The clanking arrival of the tramway under a small shower of sparks kept them from continuing the conversation. Helenka cl
imbed on first. When Ewa followed, she saw that her daughter had chosen the seat closest to the conductor, making it impossible for her to speak in private.
On Karmelicka, Pana Klara tiptoed to the hallway at the head of the stairs to listen unseen, just in case Father Malecki was being abused by his German visitor. Through the partly open door, she didn’t hear the priest talk. The other voice spoke steadily to him, not in anger, posing earnest questions as it seemed.
Now Malecki was certain that Bora kept from him a much larger issue. Bora’s steadiness of voice and composure were not artificial, but layered too accurately not to betray the effort of the process. “So,” Malecki said, “your colleague’s death troubles you. From all you’ve told me, I don’t gather that you mourn his passing, even though the mode of it should.”

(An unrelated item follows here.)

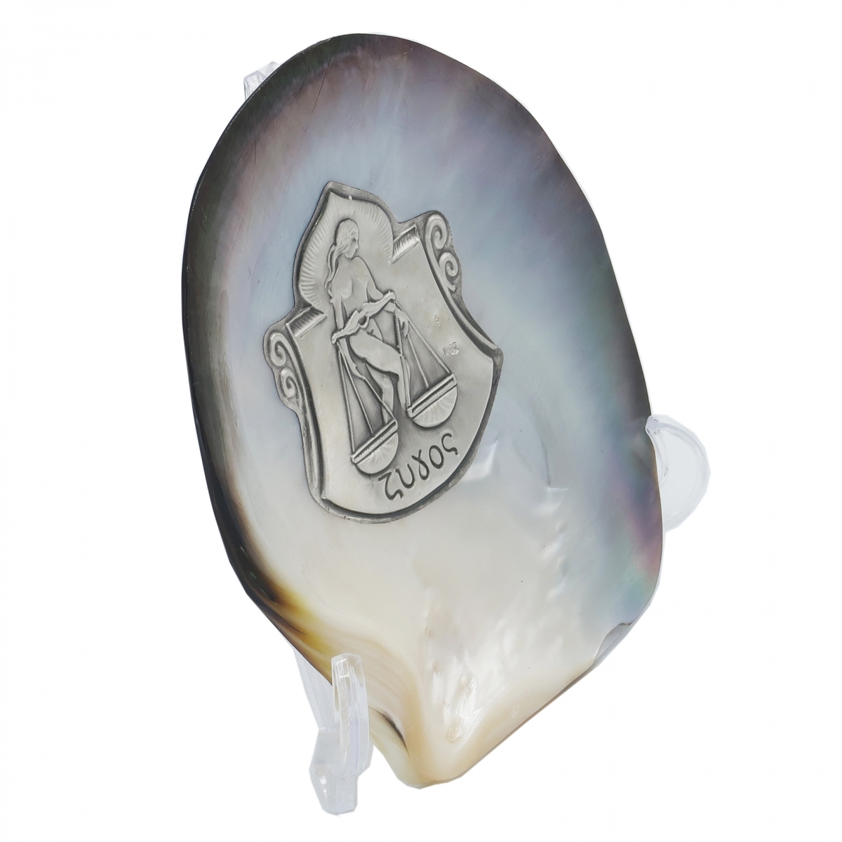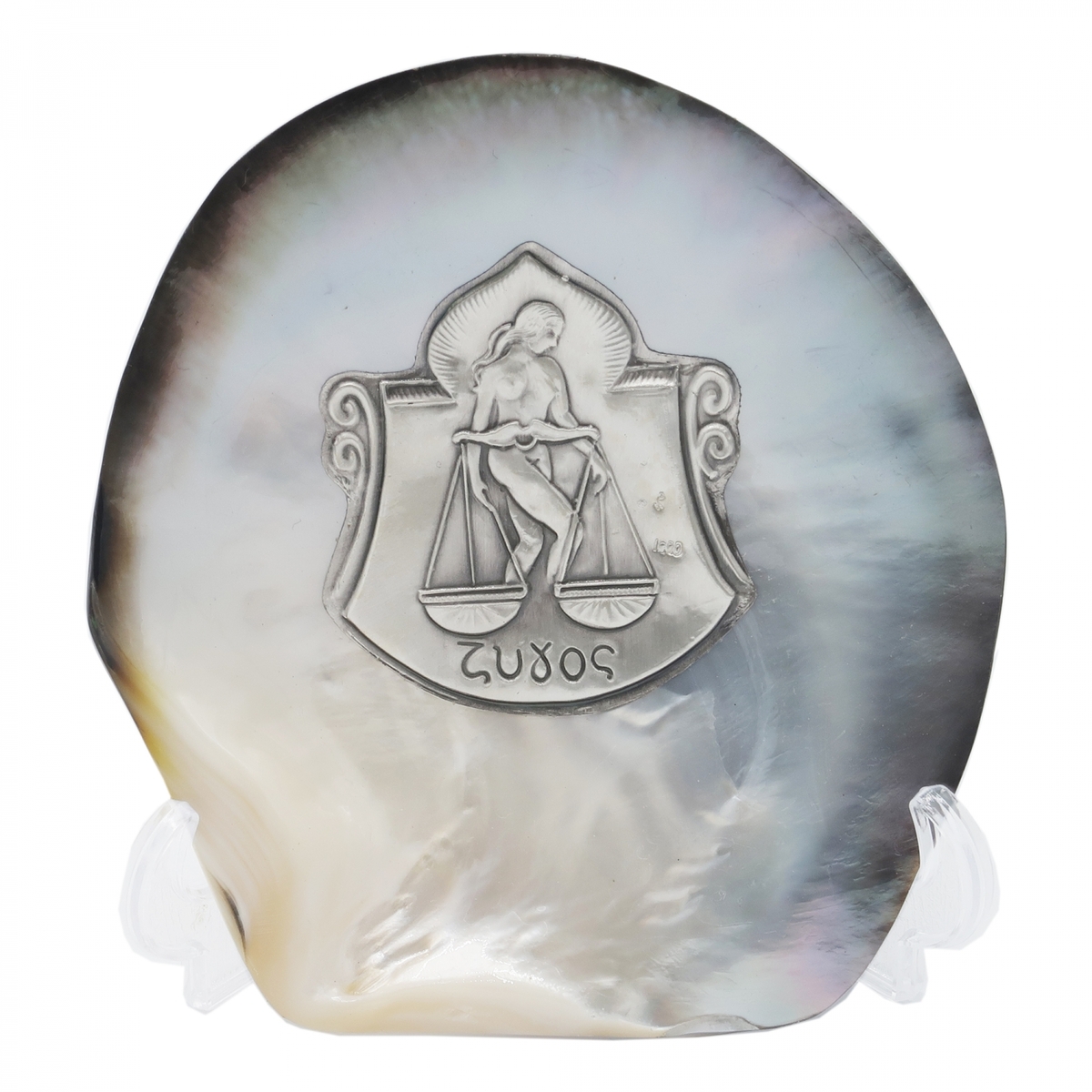 Montura robusta in argint, turnat, presat si cizelat, placheta circulara decorata in basorelief cu simboluri reprezentative pentru semnul astral BALANTA.

Bora stretched his legs in a first sign of relaxation. “The mode of it does, Father. There are some things, some small things - details. They keep me awake at night, when I didn’t even care for him. A towel is missing from the house, the blade was left in his razor when he had a fetish against doing so. As you heard tonight, my colleague had as good a reason to be despondent as I can envision, still it troubles me. It’s a clear case of suicide, there were no marks of violence on the body, no indication of forced entry into the house. All the women who were involved with him have impeccable alibis. It troubles me, that’s all.”
Malecki clasped his hands slackly. “Perhaps you resent a lifestyle your education kept you from sharing.”
“It’s true, I did. I’m ashamed to say there were nights when I envied him.”
“What troubles you then may be your own resentment, not your colleague’s death. Moral men cannot escape desiring what they deny themselves. I for one am ready to make all kinds of allowances for their disgruntlement.”
Bora let go a little more, enough to toss his cap on Malecki’s bed. Talking about other things helped somewhat. It numbed the anguish without removing it, which meant it would return later, when he would be alone.